Phase relations in the system Sr–Ir–O and thermodynamic measurements on SrIrO₃, Sr₂IrO₄ and Sr₄IrO₆ using solid-state cells with buffer electrodes

Abstract

The standard Gibbs energies of formation of SrIrO₃, Sr₂IrO₄ and Sr₄IrO₆ have been determined in the temperature range from 975 to 1400 K using solid-state cells with (Y₂O₃) ZrO₂ as the electrolyte and pure oxygen gas at a pressure of 0.1 MPa as the reference electrode. For the design of appropriate working electrodes, phase relations in the ternary system Sr–Ir–O were investigated at 1350 K. The only stable oxide detected along the binary Ir–O was IrO₂. Three ternary oxides, SrIrO₃, Sr2IrO₄ and Sr₄IrO₆, compositions of which fall on the join SrO–IrO₂, were found to be stable.

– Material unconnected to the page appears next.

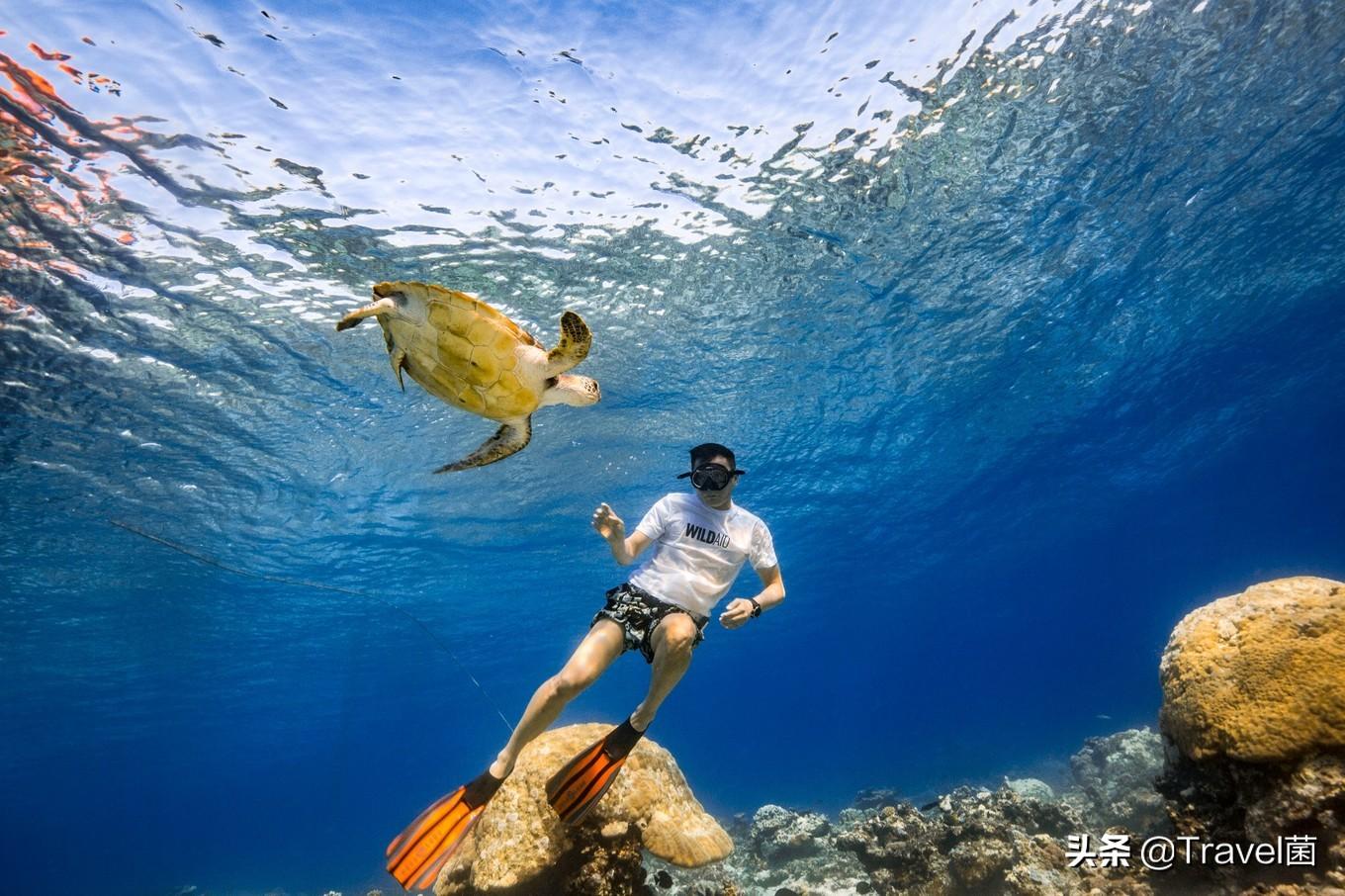 APO島本身是一個(gè)巨大的海洋保護(hù)區(qū),這里生態(tài)環(huán)境良好,物種豐富,周圍海域常年生活著五六個(gè)品種近幾十只海龜,這里為海龜?shù)膶iT設(shè)立的保護(hù)區(qū)離海岸并不是很遠(yuǎn),所以浮潛出去不用很遠(yuǎn)就可以看到它們慢悠悠游動(dòng)的身影。同時(shí)這里的水質(zhì)極其清澈,在水底下拍照也很合適

Each of the oxides coexisted with pure metal Ir. Therefore, three working electrodes were prepared consisting of mixtures of Ir+SrO+Sr₄IrO₆, Ir+Sr₄IrO₆+Sr₂IrO₄, and Ir+Sr₂IrO₄+SrIrO₃. These mixtures unambiguously define unique oxygen chemical potentials under isothermal and isobaric conditions. Used for the measurements was a novel apparatus, in which a buffer electrode was introduced between reference and working electrodes to absorb the electrochemical flux of oxygen through the solid electrolyte. The buffer electrode prevented polarization of the measuring electrode and ensured accurate data. The standard Gibbs energies of formation of the compounds, obtained from the emf of the cells, can be represented by the following equations: SrIrO₃: Δ_{f (ox)}G°/J mol^-1=-58 860-1.23T (±650) Sr₂IrO₄: Δ_{f (ox)}G°/J mol^-1=-82 315-2.86T (±960) Sr₄IrO₆: Δ_{f (ox)}G°/J mol^-1=-84 690-6.78T (±1520) where Δ_{f (ox)}G° represents the standard Gibbs energy of formation of the ternary compound from its component binary oxides SrO and IrO2. Based on the thermodynamic information, chemical potential diagrams for the system Sr–Ir–O were developed.